━━━━━ Dataset extract
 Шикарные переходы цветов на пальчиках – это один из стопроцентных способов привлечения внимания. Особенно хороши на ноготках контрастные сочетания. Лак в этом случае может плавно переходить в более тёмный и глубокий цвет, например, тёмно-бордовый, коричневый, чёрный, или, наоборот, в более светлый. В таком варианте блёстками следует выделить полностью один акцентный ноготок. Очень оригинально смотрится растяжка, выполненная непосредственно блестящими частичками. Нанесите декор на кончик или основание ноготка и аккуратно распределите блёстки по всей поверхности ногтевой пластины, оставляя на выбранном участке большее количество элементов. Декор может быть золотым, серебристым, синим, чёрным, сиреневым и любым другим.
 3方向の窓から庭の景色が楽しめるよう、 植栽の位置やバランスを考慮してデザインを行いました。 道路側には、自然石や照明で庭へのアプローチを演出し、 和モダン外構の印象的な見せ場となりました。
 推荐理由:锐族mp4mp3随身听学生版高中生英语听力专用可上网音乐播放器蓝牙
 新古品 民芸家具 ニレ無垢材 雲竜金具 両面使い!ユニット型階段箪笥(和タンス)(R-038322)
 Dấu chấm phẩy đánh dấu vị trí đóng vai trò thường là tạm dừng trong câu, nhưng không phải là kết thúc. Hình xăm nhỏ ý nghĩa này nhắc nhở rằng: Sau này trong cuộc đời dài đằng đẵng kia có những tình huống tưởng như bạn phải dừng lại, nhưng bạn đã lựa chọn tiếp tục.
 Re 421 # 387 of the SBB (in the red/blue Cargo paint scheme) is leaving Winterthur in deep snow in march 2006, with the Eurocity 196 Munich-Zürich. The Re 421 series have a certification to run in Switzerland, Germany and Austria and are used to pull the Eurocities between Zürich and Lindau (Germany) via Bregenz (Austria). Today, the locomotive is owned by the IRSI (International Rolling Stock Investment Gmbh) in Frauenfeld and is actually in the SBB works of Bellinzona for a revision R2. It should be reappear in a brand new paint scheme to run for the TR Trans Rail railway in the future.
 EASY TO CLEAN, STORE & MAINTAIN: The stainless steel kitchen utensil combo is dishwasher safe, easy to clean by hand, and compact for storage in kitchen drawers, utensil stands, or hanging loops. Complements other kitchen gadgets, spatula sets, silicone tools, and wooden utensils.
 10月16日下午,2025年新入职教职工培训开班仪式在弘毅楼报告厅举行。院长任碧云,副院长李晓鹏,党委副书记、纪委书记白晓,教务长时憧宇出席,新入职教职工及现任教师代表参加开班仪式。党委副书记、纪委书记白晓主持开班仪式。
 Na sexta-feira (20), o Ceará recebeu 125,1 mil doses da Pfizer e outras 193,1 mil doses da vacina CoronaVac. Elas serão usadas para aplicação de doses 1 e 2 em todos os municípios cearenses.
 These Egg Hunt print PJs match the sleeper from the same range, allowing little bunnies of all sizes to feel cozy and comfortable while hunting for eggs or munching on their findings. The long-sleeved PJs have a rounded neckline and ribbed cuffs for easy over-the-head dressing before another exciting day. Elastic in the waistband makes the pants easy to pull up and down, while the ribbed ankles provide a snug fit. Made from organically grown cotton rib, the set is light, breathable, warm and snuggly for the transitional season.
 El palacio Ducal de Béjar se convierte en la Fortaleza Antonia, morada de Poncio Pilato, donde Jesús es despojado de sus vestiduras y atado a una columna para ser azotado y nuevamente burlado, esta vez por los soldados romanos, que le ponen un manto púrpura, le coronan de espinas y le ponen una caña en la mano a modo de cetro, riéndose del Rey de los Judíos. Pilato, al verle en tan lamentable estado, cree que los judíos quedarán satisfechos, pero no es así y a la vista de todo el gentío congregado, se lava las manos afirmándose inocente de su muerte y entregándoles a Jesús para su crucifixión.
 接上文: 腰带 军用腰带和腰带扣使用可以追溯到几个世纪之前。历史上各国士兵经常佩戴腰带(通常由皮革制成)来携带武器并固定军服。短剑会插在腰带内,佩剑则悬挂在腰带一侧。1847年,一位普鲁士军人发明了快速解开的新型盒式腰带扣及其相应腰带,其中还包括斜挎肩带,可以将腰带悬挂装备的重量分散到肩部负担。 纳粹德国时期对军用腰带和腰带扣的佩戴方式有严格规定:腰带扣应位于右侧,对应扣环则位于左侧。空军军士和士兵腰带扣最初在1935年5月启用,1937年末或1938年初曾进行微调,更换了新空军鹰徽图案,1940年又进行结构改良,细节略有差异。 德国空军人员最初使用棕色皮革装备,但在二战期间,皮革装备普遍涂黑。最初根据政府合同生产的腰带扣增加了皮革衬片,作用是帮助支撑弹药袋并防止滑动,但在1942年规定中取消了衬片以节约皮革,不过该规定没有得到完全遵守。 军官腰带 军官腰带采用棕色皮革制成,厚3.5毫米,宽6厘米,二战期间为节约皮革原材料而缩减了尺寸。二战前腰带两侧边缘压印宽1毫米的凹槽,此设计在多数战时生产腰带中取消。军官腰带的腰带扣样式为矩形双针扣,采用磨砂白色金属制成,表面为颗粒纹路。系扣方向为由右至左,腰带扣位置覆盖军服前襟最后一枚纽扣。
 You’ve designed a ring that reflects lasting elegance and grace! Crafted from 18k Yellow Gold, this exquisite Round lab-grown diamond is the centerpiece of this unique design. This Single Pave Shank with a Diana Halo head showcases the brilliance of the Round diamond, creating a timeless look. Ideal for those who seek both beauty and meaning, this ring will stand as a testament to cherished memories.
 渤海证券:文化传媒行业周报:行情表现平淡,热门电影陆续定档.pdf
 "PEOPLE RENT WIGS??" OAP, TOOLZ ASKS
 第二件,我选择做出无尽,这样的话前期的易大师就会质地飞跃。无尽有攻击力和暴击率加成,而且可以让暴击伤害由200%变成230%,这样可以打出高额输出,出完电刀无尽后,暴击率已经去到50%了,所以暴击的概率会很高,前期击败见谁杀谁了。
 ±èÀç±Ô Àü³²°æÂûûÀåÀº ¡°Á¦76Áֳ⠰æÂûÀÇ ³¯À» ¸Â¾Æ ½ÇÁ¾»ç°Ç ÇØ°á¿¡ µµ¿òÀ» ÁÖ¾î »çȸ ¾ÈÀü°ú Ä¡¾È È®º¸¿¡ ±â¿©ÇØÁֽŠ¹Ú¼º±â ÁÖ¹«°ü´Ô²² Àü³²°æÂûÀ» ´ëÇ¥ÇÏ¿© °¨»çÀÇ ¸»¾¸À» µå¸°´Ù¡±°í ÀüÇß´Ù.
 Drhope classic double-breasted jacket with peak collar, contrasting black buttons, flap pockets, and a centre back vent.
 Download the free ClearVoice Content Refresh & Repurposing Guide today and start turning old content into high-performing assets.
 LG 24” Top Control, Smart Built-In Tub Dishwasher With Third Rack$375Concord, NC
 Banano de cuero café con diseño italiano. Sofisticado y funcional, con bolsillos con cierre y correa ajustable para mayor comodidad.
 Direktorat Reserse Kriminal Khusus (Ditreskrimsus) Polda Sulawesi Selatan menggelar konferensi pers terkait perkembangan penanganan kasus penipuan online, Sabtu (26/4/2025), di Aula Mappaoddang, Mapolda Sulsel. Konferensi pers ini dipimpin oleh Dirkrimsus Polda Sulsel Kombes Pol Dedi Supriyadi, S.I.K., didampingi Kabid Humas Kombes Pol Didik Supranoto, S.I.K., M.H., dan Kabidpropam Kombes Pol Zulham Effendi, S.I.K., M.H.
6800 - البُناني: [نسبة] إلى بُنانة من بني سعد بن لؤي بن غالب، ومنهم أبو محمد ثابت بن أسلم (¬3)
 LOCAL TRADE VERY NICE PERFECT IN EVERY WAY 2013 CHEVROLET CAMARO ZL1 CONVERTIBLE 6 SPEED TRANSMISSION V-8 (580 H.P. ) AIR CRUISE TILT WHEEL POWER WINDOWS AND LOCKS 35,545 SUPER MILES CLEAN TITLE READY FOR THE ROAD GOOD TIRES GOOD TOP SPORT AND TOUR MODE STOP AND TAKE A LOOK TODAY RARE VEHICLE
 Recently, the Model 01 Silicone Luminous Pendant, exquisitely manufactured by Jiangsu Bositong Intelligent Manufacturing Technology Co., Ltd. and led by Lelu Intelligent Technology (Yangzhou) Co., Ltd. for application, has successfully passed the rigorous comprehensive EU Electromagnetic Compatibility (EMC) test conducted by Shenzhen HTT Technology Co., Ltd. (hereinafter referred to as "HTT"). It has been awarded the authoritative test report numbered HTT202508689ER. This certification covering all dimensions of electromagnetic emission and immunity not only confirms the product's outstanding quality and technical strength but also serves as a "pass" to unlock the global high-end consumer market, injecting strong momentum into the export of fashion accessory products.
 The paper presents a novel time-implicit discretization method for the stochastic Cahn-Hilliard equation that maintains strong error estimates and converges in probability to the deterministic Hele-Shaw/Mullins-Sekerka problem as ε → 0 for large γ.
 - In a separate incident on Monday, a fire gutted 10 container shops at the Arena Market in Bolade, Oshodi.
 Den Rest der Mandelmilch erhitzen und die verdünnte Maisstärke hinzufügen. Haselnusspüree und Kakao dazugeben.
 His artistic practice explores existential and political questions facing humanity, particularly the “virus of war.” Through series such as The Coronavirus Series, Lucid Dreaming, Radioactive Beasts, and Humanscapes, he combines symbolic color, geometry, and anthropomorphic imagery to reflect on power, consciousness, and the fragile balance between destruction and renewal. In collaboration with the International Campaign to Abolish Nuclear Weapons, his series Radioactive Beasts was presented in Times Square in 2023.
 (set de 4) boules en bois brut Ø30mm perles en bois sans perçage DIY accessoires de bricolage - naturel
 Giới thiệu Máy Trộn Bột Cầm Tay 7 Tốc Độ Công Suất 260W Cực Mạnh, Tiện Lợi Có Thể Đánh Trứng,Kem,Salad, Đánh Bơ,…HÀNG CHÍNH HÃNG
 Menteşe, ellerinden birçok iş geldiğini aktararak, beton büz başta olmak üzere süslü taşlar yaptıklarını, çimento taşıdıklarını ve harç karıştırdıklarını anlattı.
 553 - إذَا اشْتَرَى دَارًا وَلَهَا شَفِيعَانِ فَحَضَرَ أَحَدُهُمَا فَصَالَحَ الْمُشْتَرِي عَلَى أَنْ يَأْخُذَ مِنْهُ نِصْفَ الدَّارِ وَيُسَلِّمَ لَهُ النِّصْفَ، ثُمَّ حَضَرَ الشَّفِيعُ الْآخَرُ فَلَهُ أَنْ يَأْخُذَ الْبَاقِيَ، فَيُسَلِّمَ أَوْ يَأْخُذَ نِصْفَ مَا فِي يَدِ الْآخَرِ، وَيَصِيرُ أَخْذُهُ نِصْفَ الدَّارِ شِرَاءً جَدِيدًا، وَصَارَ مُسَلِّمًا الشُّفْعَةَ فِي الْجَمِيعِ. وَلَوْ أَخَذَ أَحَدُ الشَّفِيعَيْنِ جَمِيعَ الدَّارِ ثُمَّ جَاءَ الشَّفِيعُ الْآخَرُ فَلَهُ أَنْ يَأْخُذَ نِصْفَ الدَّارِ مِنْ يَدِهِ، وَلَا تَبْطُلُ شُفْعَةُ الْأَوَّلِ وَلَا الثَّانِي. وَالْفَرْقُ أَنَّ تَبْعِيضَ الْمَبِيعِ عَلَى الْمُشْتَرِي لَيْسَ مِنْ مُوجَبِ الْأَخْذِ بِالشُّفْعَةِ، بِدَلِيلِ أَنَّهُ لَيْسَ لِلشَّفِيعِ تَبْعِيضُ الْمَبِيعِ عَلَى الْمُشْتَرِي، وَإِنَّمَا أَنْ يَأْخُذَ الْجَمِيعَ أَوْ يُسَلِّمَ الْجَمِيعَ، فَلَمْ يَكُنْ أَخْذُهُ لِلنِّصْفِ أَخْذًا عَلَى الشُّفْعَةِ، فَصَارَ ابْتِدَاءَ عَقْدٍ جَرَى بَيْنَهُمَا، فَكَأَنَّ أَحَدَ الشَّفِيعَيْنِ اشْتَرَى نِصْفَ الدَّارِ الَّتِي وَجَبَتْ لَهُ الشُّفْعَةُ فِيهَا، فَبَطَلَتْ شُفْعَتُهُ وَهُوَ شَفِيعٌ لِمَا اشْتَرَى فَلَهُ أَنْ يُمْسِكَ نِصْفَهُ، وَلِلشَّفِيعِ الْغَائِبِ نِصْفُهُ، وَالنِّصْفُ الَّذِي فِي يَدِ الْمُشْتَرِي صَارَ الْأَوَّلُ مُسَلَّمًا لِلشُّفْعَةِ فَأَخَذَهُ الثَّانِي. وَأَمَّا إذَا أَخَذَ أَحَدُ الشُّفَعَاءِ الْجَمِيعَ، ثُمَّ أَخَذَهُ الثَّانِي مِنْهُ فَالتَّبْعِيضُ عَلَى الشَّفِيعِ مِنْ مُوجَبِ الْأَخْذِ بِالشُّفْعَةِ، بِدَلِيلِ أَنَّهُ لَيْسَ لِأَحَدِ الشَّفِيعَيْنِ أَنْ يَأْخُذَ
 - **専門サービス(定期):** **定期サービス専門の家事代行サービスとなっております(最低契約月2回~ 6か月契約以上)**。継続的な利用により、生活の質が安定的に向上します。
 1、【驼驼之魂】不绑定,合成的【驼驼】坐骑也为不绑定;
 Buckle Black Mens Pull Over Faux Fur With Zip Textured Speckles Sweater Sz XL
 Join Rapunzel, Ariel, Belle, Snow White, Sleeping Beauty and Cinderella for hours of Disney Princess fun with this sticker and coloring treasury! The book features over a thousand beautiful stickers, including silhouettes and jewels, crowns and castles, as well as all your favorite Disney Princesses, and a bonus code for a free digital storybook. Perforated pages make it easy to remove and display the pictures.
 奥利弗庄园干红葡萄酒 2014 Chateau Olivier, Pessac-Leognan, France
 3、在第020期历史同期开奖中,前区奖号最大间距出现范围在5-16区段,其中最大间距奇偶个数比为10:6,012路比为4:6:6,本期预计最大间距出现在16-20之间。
━━━━━━━━━━
Work instructions: Please give an exact copy of the lines above, beginning with the line containing "新古品 民芸家具 ニレ無垢材" and running through the line containing "Re 421 # 387", and of no other lines.

Response to this exercise:
 新古品 民芸家具 ニレ無垢材 雲竜金具 両面使い!ユニット型階段箪笥(和タンス)(R-038322)
 Dấu chấm phẩy đánh dấu vị trí đóng vai trò thường là tạm dừng trong câu, nhưng không phải là kết thúc. Hình xăm nhỏ ý nghĩa này nhắc nhở rằng: Sau này trong cuộc đời dài đằng đẵng kia có những tình huống tưởng như bạn phải dừng lại, nhưng bạn đã lựa chọn tiếp tục.
 Re 421 # 387 of the SBB (in the red/blue Cargo paint scheme) is leaving Winterthur in deep snow in march 2006, with the Eurocity 196 Munich-Zürich. The Re 421 series have a certification to run in Switzerland, Germany and Austria and are used to pull the Eurocities between Zürich and Lindau (Germany) via Bregenz (Austria). Today, the locomotive is owned by the IRSI (International Rolling Stock Investment Gmbh) in Frauenfeld and is actually in the SBB works of Bellinzona for a revision R2. It should be reappear in a brand new paint scheme to run for the TR Trans Rail railway in the future.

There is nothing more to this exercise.